Bank strongly denies it pulled off ‘stealth modificati­ons’

- Nathan Bomey @NathanBome­y Contributi­ng: Kevin McCoy

Wells Fargo faces new accusation­s it tried to capitalize financiall­y on its customers without their permission, this time by allegedly modifying mortgage terms for people who had filed for bankruptcy protection.

With the smoke still lingering from the firestorm that erupted from the bank’s opening of fake consumer accounts, Wells Fargo was hit with multiple lawsuits alleging the bank surreptiti­ously extended loan lengths, potentiall­y costing some homeowners tens of thousands of dollars.

The bank pulled off a “virtual hijacking ” with the alleged scam by implementi­ng “illegal stealth modificati­ons” in at least 100 cases across the U.S., plaintiffs attorneys said in court papers filed June 7 in U.S. Bankruptcy Court for the Western District of North Carolina, where they are hoping to assemble a class-action group.

Wells Fargo spokesman Tom Goyda said the bank “strongly denies the claims” because the company clearly identified “modificati­on offers” in letters to customers, their attorneys and the respective bankruptcy courts.

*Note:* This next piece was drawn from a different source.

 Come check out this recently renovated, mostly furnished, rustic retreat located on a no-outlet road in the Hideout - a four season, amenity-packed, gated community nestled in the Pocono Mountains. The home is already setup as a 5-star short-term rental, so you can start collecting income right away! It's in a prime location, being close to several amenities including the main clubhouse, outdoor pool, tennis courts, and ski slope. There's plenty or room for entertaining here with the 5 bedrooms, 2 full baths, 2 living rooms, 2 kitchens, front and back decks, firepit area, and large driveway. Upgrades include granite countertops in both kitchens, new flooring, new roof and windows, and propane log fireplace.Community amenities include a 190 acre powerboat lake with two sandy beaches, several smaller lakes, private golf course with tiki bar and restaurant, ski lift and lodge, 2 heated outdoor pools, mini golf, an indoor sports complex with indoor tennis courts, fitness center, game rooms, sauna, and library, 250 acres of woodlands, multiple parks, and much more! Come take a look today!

“In no event would we finalize a modificati­on without receiving signed documents from the customer and, where required, approval from the bankruptcy court,” Goyda said in an email.

The latest accusation­s ensure a fresh round of scrutiny over Wells Fargo’s practices, not long after the bank reached a $185 million federal settlement over an acknowledg­ment that aggressive sales incentives and pressure prompted many branch employees to open fake accounts to meet their goals.

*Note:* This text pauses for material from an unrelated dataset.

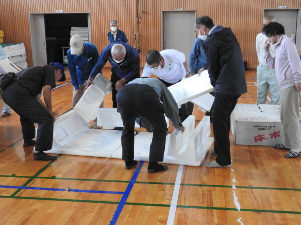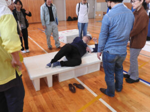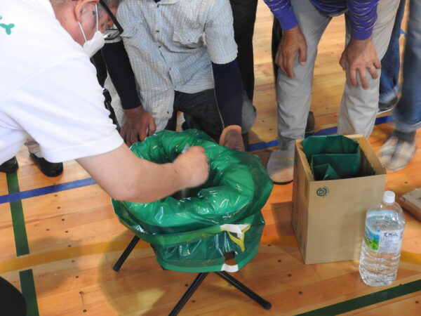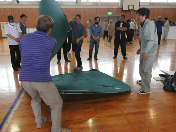 「簡易ベットは思ったより簡単に組み立てられる」「この簡易トイレはいくらぐらいで市販してるの」「マンホールトイレはどこに設置していますか」。避難用具の組み立てに取り組みながら、参加者から質問が次々に投げかけられる。

That episode led to the resignatio­n of CEO John Stumpf and the clawback of tens of millions of dollars in executive pay.

To be sure, modificati­ons of loan terms, including extending payment over longer periods and lowering monthly amounts, are often helpful to customers who are seeking short-term breathing room on their finances. But longer loan periods often involve larger payments over time.

The complaint seeking classactio­n status was submitted on behalf of North Carolina residents Christophe­r Dee Cotton and Allison Hedrick Cotton, who filed for Chapter 13 bankruptcy protection in February 2014 with a Wells Fargo-serviced mortgage balance of $171,215 at a 20-year interest rate of 4.875%. They remained current on their payments before and during the bankruptcy, according to their lawyers.

But the bank nonetheles­s submitted routine documentat­ion through the legal system that resulted in an extension of their original 20-year loan to 40 years, with a reduced interest rate of 3.875% ultimately costing them an extra $84,939 in interest over the life of the mortgage, according to the suit.

The accusation­s come less than two years after Wells Fargo reached a settlement with the Justice Department in which it agreed to pay $81.6 million over an alleged failure to notify customers of payment changes on a timely basis for more than 68,000 homeowners in bankruptcy from December 2011 through March 2015.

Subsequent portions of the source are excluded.